Life of a Tile Function

PlaidML represents machine learning operations as functions in the Tile programming language. PlaidML compiles functions written in the Tile language into optimized kernels for various backends. This document walks through the process of transforming a Tile function into OpenCL code and machine code via LLVM.

While most people will choose to either use PlaidML as a backend for Keras or ONNX or to build operation graphs using the higher-level plaidml.op and plaidml.tile APIs, these interfaces are all implemented in terms of Tile functions.

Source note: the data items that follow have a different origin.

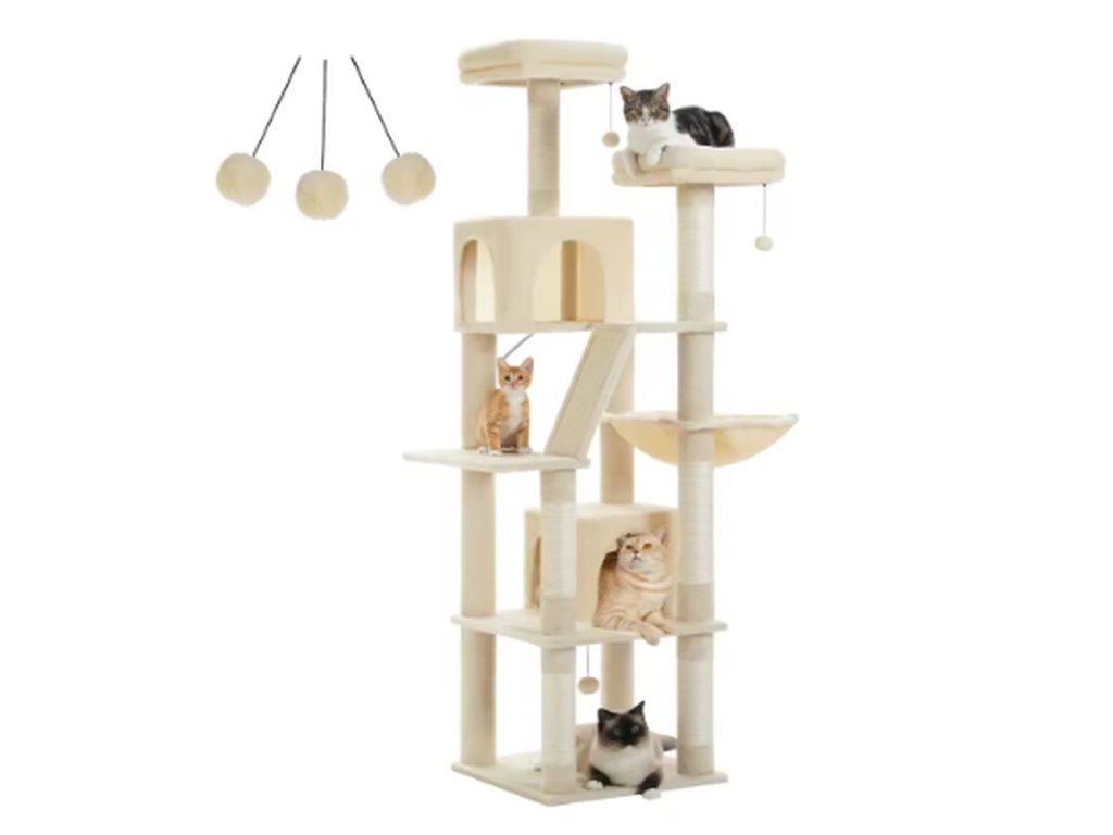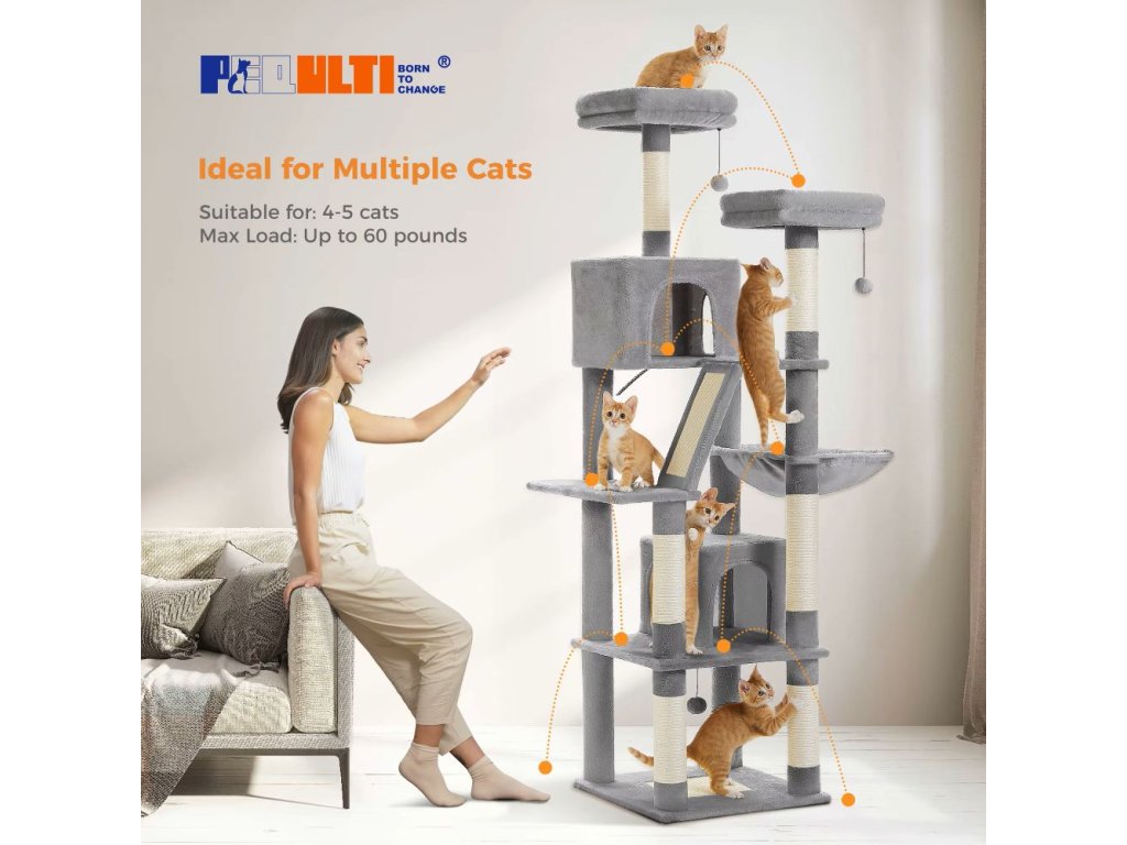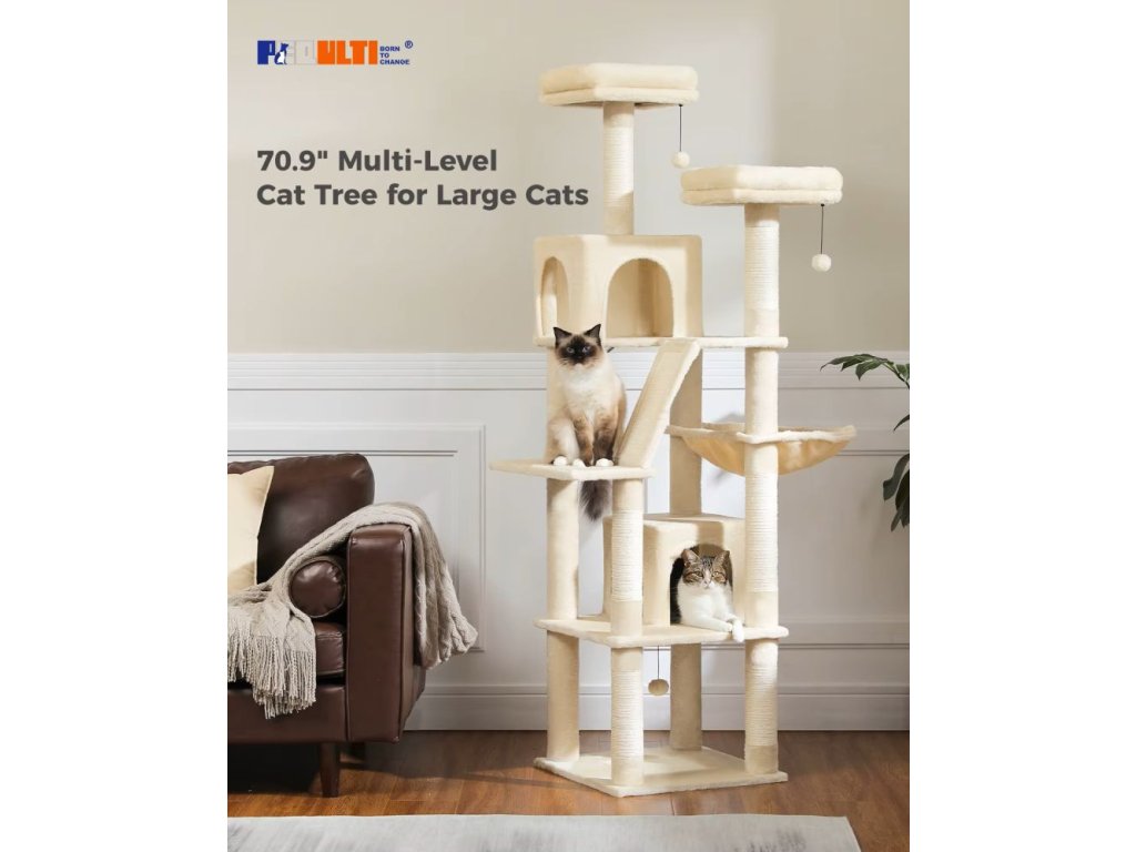 Dopřejte svým kočkám luxusní prostor pro hraní, škrábání i odpočinek! Tento velký víceúrovňový kočičí strom o výšce 182,5 cm nabízí spoustu zábavy a pohodlí pro vaše chlupaté mazlíčky.
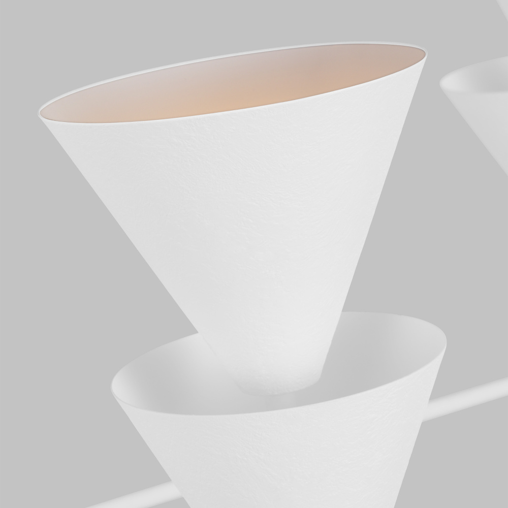 Designed by Christiane Lemieux, the Cornet four light single tier chandelier in cast plaster enhances the beauty of your home with ample light and style to match today's trends. Featuring inverted cone shades, Cornet reflects 1920's - 40's European design influences, everything from art deco through to Italian midcentury – even the classic torchieres by Serge Roche. This series features 4 chandeliers, a pendant 2 wall sconces and a floor lamp, all available in a Cast Plaster finish which gives a beautiful hand-crafted look.
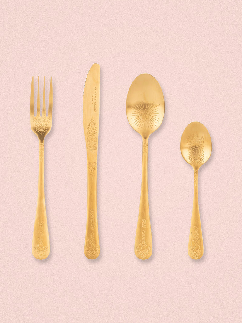 Yvonne Ellen Gold Slogan Cutlery Set - 16 pieces
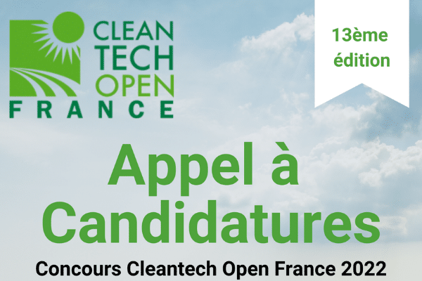 Jusqu’au 15 mai 2022, les startups cleantech engagées dans à la transition environnementale, énergétique et climatique, sont appelées à déposer leur dossier de candidature pour participer à la 13e édition de Cleantech Open France. Pendant un an, les 9 lauréats bénéficieront, entre autres, d’un accompagnement personnalisé par les experts du réseau Cleantech Open France, un écosystème aux nombreuses opportunités. Le gagnant participera à la finale internationale qui se déroulera dans la Sillicon Valley fin octobre 2022. À la clé : une dotation de 5 000 USD.

We can therefore take a tour through the core components in PlaidML’s architecture by following the course a simple Tile function takes from definition through execution. For this example, we’ll use the same categorical_crossentropy function explored in the Adding Operations tutorial:

function (T[X, Y], O[X, Y]) -> (R) {
   LO = log(O);
   Temp[x: X] = +(LO[x, y] * T[x, y]);
   R = -Temp;
}

We’ll consider how this Tile function passes through three major stages of PlaidML. First, the PlaidML API parses the raw string containing Tile code and the data into an Invoker or Invocation, which contains symbolic information detailing what computations to execute. Next, the Tile compiler transforms this Invoker into a list of semantic trees, each detailing a kernel that needs to be executed. Finally, the hardware abstraction layer transforms these semantic trees into device-specific kernels.